To the Seller's knowledge (after having made due and careful
enquiry and having received written confirmation from the Owner
Trustee that there exists no Specified Default (as defined in each
Lease), there exists no Specified Default (as defined in each
Lease) by Owner Trustee or Lessee under the applicable Lease.

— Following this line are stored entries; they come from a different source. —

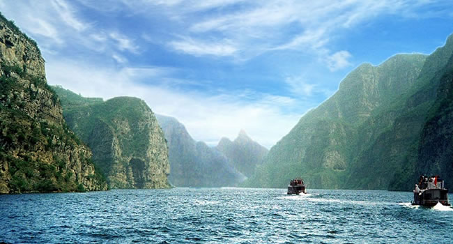 黃河三峽是小浪底與王屋山所孕育的精華,位于小浪底水庫(kù)大壩上游20公里處,總面積40平方公里, 是小浪底風(fēng)景區(qū)的精華所在。八里胡同位于黃河中下游最窄處,兩岸斷壁如削,中間河水奔涌,三條峽谷各具風(fēng)采:孤山峽鬼斧神工,千仞壁立;龍鳳峽盤(pán)龍走蛇,曲折迂回;大峪峽開(kāi)闊舒展,氣象萬(wàn)千。特別是九蹬蓮花棧,九蹬九級(jí),次第升高,望之若蓮花盛開(kāi),似出水芙蓉,號(hào)稱(chēng)“鯀山禹斧”。是我國(guó)北方少有的山水景觀,可以和長(zhǎng)江三峽媲美。 黃河小浪底風(fēng)景區(qū)是河南省以黃河中下游水利樞紐工程、峽谷河流為主要特色,體現(xiàn)黃河歷史文化和自然風(fēng)光的大型山岳湖泊型風(fēng)景區(qū),是開(kāi)展觀光、休閑、度假旅游的最佳場(chǎng)所。
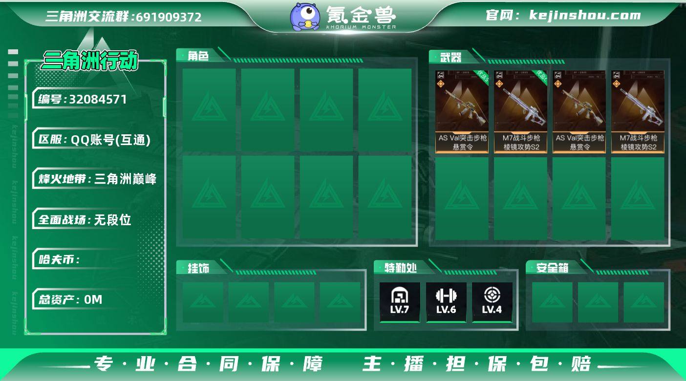 【特价出售】"总资产108.26M,哈夫币 2271.18K,战场等级:50 上等兵,行动等级:60 钻石,角色皮肤13,枪皮数量315【特战干员外观】红狼-蚀金玫瑰,露娜-黑·天际线,骇爪-维什戴尔,牧羊人-街头之王,威龙-铁面判官,威龙-壮志凌云,威龙-飞虎,蜂医-送葬人·无题密令,无名-夜鹰,红狼-电锯惊魂,露娜-金牌射手,深蓝-不破誓约,蜂医-黑鹰坠落,【近战】近战-影锋,近战-黑海,近战-北极星,近战-信条,近战-电锯惊魂,近战-黑鹰,【典藏外观】SCAR-H战斗步枪-电玩高手(优品C),K416突击步枪-潜袭者,G18-银灰金属,G18-银灰金属,AKM突击步枪-阿萨拉卫队,M249轻机枪-青纹,MP7冲锋枪-黑潮,M249轻机枪-蝴蝶,K416突击步枪-纯白涂装,AK-12突击步枪-淘金者,S12K霰弹枪-淘金者,PKM通用机枪-淘金者,沙漠之鹰-蛇纹涂装,M16A4突击步枪-常青藤,AUG突击步枪-常青藤,AUG突击步枪-常青藤,Mini-14射手步枪-常青藤,Mini-14射手步枪-常青藤,AS Val突击步枪-蝴蝶,M700狙击步枪-蝴蝶,M700狙击步枪-蝴蝶,M700狙击步枪-蝴蝶,【步枪】G3战斗步枪-骑士,SG552突击步枪-运动员,M16A4突击步枪-狩猎时刻,G3战斗步枪-狩猎时刻,AK-12突击步枪-特斯拉线圈,M7战斗步枪-神秘艺术,SCAR-H战斗步枪-铁艺苍穹,M7战斗步枪-维京,AS Val突击步枪-蛇年祥瑞,QBZ95-1突击步枪-破军,CAR-15突击步枪-阿米娅,CAR-15突击步枪-黑鹰坠落,M4A1突击步枪-阿米娅,M4A1突击步枪-蚀金玫瑰,ASh-12战斗步枪-鹅鸭杀,SCAR-H战斗步枪-启航,KC17突击步枪-电锯惊魂,K437突击步枪-北极星,AK-12突击步枪-夜鹰,SCAR-H战斗步枪-囚徒,PTR-32突击步枪-ACE,AS Val突击步枪-尖端治疗,腾龙突击步枪-无垢,K416突击步枪-竞技风,SCAR-H战斗步枪-国风,AS Val突击步枪-典狱官,G3战斗步枪-阿萨拉工艺,AS Val突击步枪-刀锋,QBZ95-1突击步枪-曙光...
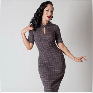 Audrey wiggle dress is inspired by the 1940's and is fitted in a stretch poly knit for comfort and durability. The functional button at the neck leaves you the option for different necklines to suit your mood.
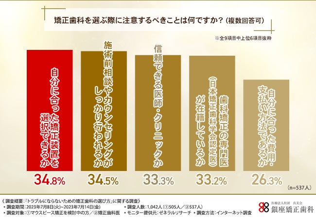 そこで、「矯正歯科を選ぶ際に注意するべきことは何ですか?(複数回答可)」と質問したところ、『自分に合った矯正装置を選択できるか(34.8%)』と回答した方が最も多く、次いで『施術前相談やカウンセリングがしっかり行われるか(34.5%)』『信頼できる医師・クリニックか(33.3%)』と続きました。
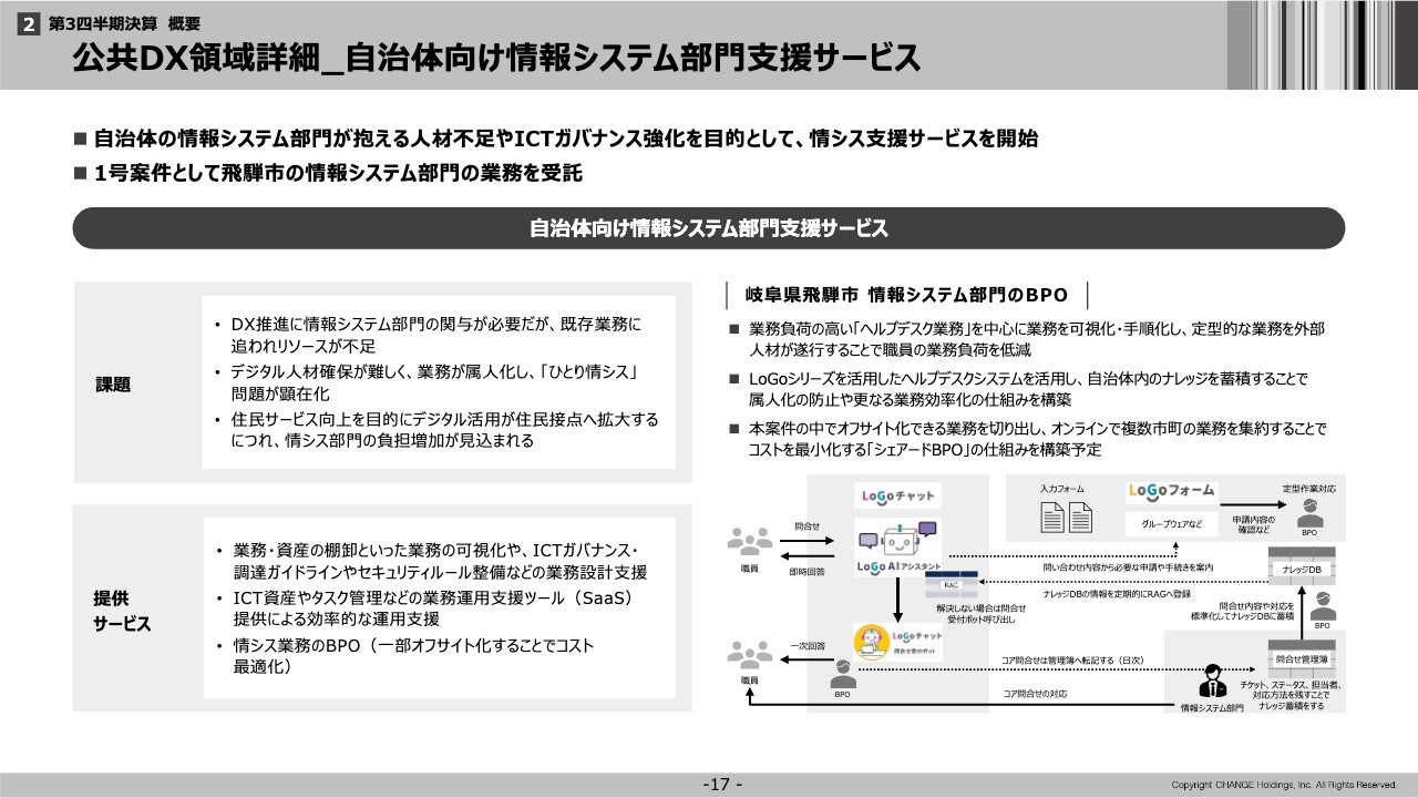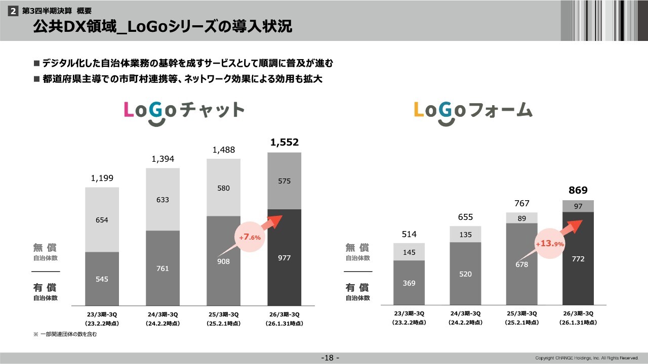 公共DX領域についてです。「LoGoシリーズ」の利用自治体が、「LoGoチャット」で1,550自治体、「LoGoフォーム」で860自治体を超え、堅調に拡大しています。

Lessee has not made any prepayment of Basic Rent (as defined in
each Lease) payable to Owner Trustee under any Lease. Set forth
in Schedule
C is a complete and accurate list of documents that
relate to each Lease (copies of which have heretofore been
delivered to Purchaser) and such Lease Documents constitute the
entire agreement between the applicable Owner Trustee (and Company,
as applicable) and Lessee with respect to the leasing of the
applicable Aircraft immediately prior to the Closing Date and there
have been no other amendments, modifications, consents or
assignments or waivers granted with respect to such Lease Documents
(or any matters pertaining thereto) that will continue after the
Closing Date that have not been disclosed. Neither Seller
nor any Acquired Entity owns any real property.
2.12. Contracts.
Except for this Agreement and those agreements set forth in
Schedule C
(the “Material
Agreements”), there are no agreements, understandings,
instruments, contracts, proposed transactions, judgments,
governmental orders, writs or decrees to which an Acquired Entity
is a party or by which such Acquired Entity is bound. No Acquired
Entity is in breach of or default under any Material Agreement and
there is no current claim or threatened claim that any Acquired
Entity is or has been in breach of or default under any Material
Agreement. Each Material Agreement is in full force and effect and
is enforceable against the applicable Acquired Entity and the other
party thereto, in accordance with its respective terms. Seller has
provided Purchaser true and complete copies of each Material
Agreement.
2.13. Existing
Financing. No Default (as defined in the Existing Credit
Agreement) exists under the terms of the Existing Credit Agreement
or the other Existing Loan Documents. The Existing Credit Agreement
together with the Existing Loan Documents (Credit Agreement
Amendment, the Existing MI Pledge Release and New MI Pledge)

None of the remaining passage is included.